Where there is flex, it is very often important to spread forces over as large an area of a given piece as possible. In the case of any given steerer tube, this is the state that likely exists with a big stack of spacers. The entire length of the steerer is allowed to flex just a tad if the stack is slipping a bit on each interface. Locking those spacers together, or making them one solid piece, would focus ALL of that force in two places; the base of the stem clamp and quite a bit at the top bearing. Theory, indeed.

The more I think about it, the more I am drawn back to the much castigated and maligned riser stem as the best solution. Not many 31.8 risers out there.....


----------



## bikeabuser (Aug 12, 2012)

IMO,
A riser stem offers the best interface to the steerer tube, if you just need a bit of rise.
And,
If you want to maintain that low stand-over heigh, high handlebar situation, and need more than what is currently offered, the other choice is a high-rise handlebar.

*The BMX guys/Gals torque the heck out of their stuff, and they don't seem to have a problem with a high-rise handlebar.*

Also,
IMHO,
Stacking spacers, or using an extra thick spacer, is just asking for trouble.

It's no different than stacking a bunch of washers onto a bolted assembly, because you can't/won't locate a proper length fastener.


----------



## dgw2jr (Aug 17, 2011)

Amazon.com: Dimension 31.8 110mm 125 Degree Black Stem: Sports & Outdoors

Dimension makes some weird stuff. I had an old Dimension stem that was 125mm 35 degree rise. Looked ridiculous and the bolts were huge!

I believe there is no substitute for a taller head tube. The spacers and stem can get your hands where they need to be but they can't reduce the amount of stress and torque on the steerer or headset bearings.


----------



## TrailMaker (Sep 16, 2007)

Indeed;

There are some of the companies out on the fringes that make some funky stuff, Dimension being one of them.

Do realize that the third of the front ends that I pictured above is already with a 7" HT!!!

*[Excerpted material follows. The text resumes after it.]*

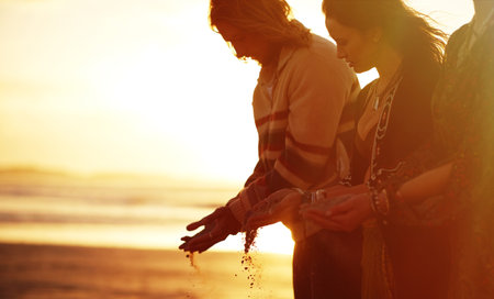Its ok to live a life that others dont understand. three gypsies holding sand in their hands on the beach.

Contemplating the BMX route takes me back to the dreaded days when I stripped out stems regularly because they just wouldn't hold. Those that did hold (or that I welded!) often snapped! In the pre-BMX craze dayz, it was a real treat to score a Schwinn cast stem!


----------



## dgw2jr (Aug 17, 2011)

TrailMaker said:


> Indeed;
> 
> There are some of the companies out on the fringes that make some funky stuff, Dimension being one of them.
> 
> ...


I only see the one pic in your original post. The other post with attached images is empty...


----------



## TrailMaker (Sep 16, 2007)

Damnn things...

I use different browsers and see one pic or the other! :madman:


----------



## Saddle Up (Jan 30, 2008)

Surly says this...

"How many stack spacers can I use on my Surly fork?Hey, go nuts. Seriously, these are beefy steel steer tubes and there is no lawyer breathing down our collective necks saying you can only have a couple of spacers. Geek out, stack 'er all the way up if you like."


----------